El santo de Andrómeda asintió, deshaciendo la cúpula que protegía a Akasha hasta que adoptó a la vista de todos la forma de una cadena con punta circular. Mientras esta se recogía en el brazo izquierdo, del derecho caía otra que terminaba en un triángulo, como la punta de flecha. Un instante después, tanto el tocón como los bloques de hielo de hielo que sujetaban a la mayoría de los presentes fueron destruidos. De aquel movimiento, solo Shun, Sneyder y Akasha fueron conscientes. El resto solo pudo observar, admirado, un resultado para el que no tenían explicación.

—Nunca lo hemos sido —aseguró a Shun, una vez la espada de hielo se extinguió en una nube de aire helado—. Y espero que así siga siendo.

—Señor Sneyder, han confesado…

El santo de Cuervo no pudo terminar la frase, una fuerza invisible le oprimía el cuello.

—No soy yo —aseguró Kiki con los brazos alzados, dándose por aludido al ver que todos lo miraban—. Será nuestra traviesa subcomandante.

El santo de Cuervo cayó de rodillas, con el cuello apretado y enrojecido. Al observar aquello, muchos se hicieron la misma pregunta: ¿desde cuándo los vigilaba June de Camaleón, segunda al mando de la división Andrómeda?

—Akasha, ¿te encuentras bien? —preguntó Shun, gentil.

—Sí —respondió la joven, al tiempo que se permitía erguirse. Desde la nuca, como un macabro collar, se dibujaba una línea azulada.
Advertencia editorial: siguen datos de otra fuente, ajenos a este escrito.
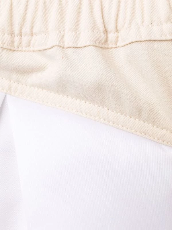 Taille haute, entrejambe sarouel, deux poches latérales fendues, longueur maxi. Matière : coton mélangé.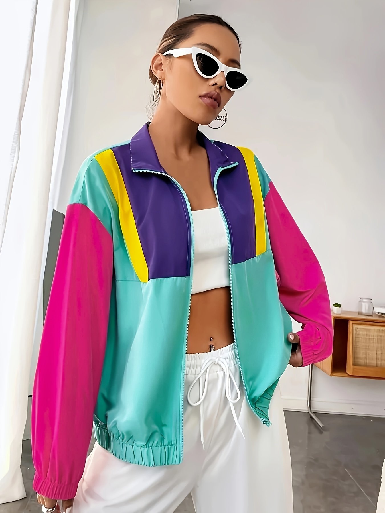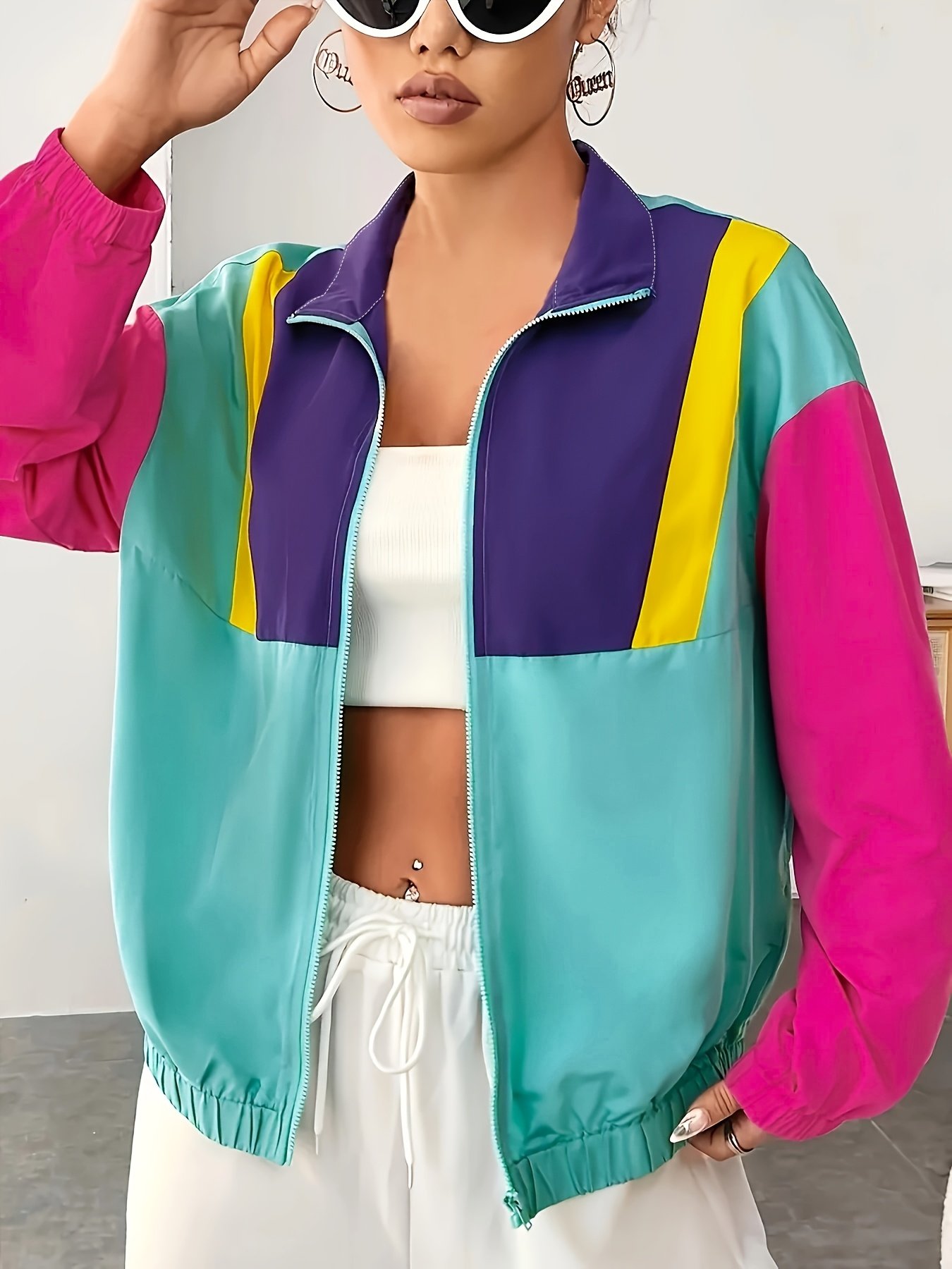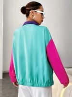 Jaqueta Feminina Casual Plus Size Com Zíper e Blocos de Cores – Design Contrastante e Ousado Com Detalhes Em Turquesa, Roxo, Amarelo e Rosa, Agasalho Leve para Primavera / Outono, Lavável à Mão, Peça para Usar Em Camadas no Outono, Acabamento Liso e Brilhante.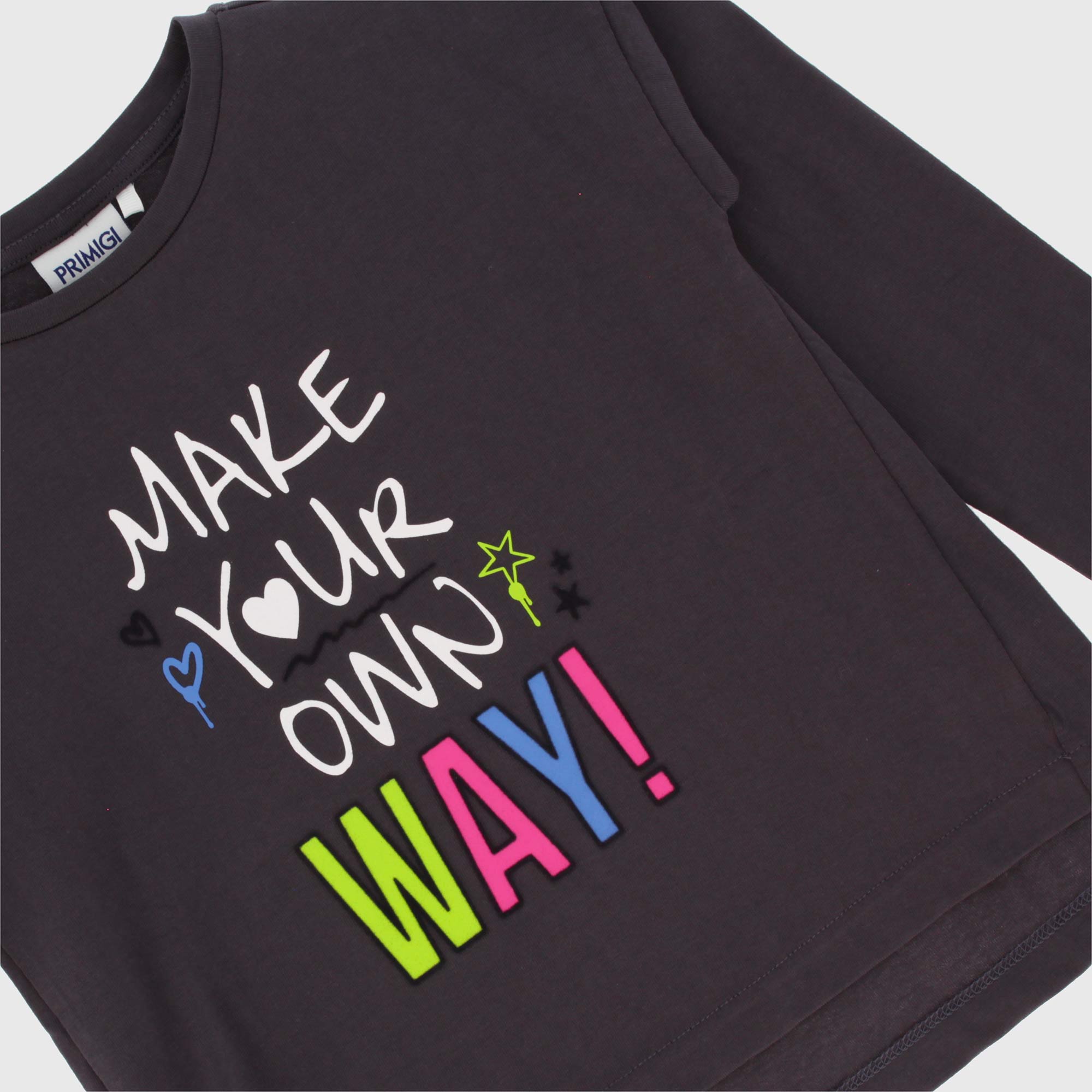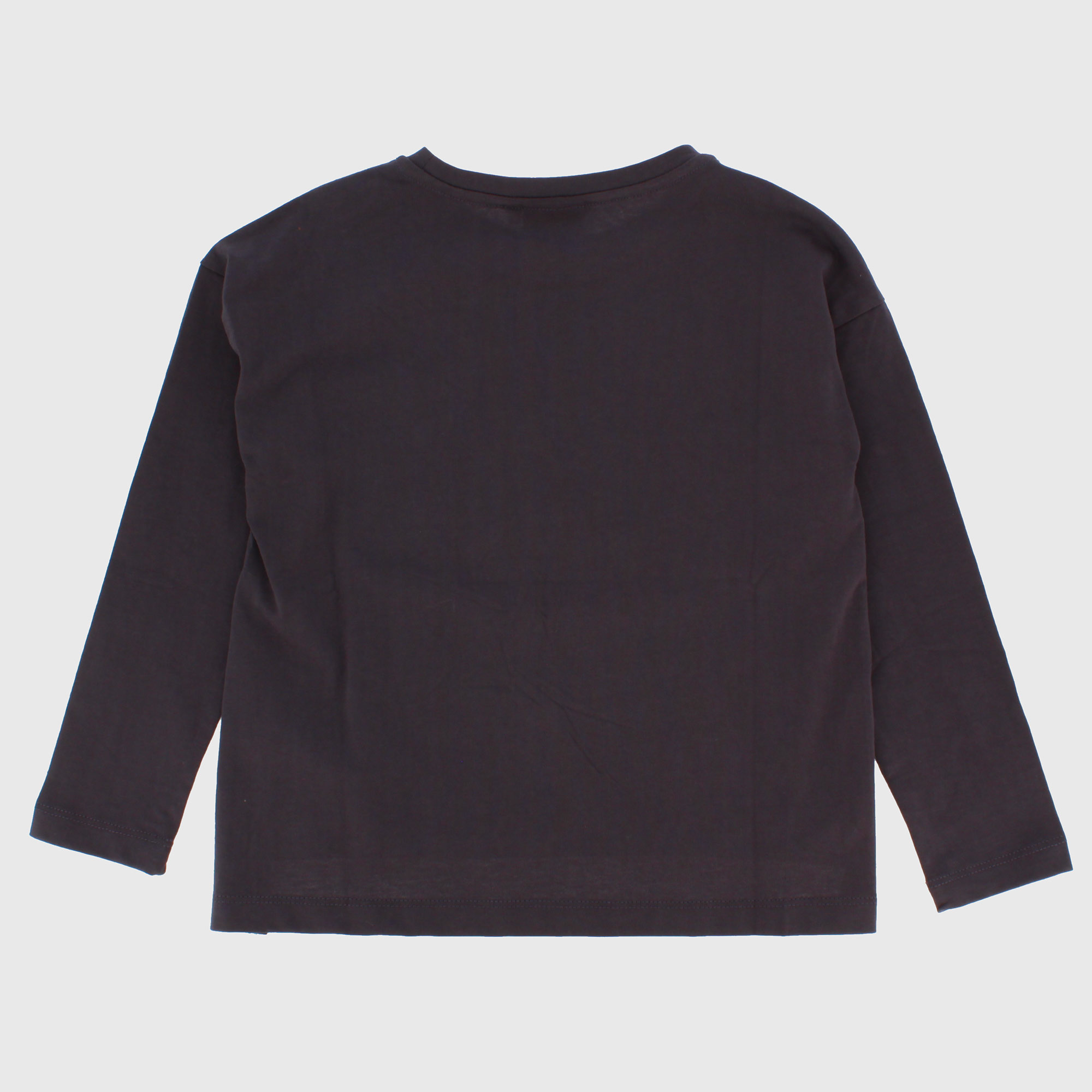 Maglietta in jersey, girocollo, a maniche lunghe. Stampa con dettagli flock sul davanti. Fondo asimmetrico.

—En ese caso, descansa. Has trabajado mucho —dijo Shun. A pocos metros, el santo de Cuervo recuperaba el aliento, acariciándose el cuello herido—. Si necesitas mi consejo, tendrás que esperar a que me ocupe de los asuntos pendientes con la división Fénix. Es lamentable que un simple problema de comunicación nos haya enfrentado, pero confío en que estamos a tiempo de solucionarlo. ¿No estáis de acuerdo, Sneyder el Pacificador? En estos tiempos, resulta extraño ver a un santo de oro desprotegido.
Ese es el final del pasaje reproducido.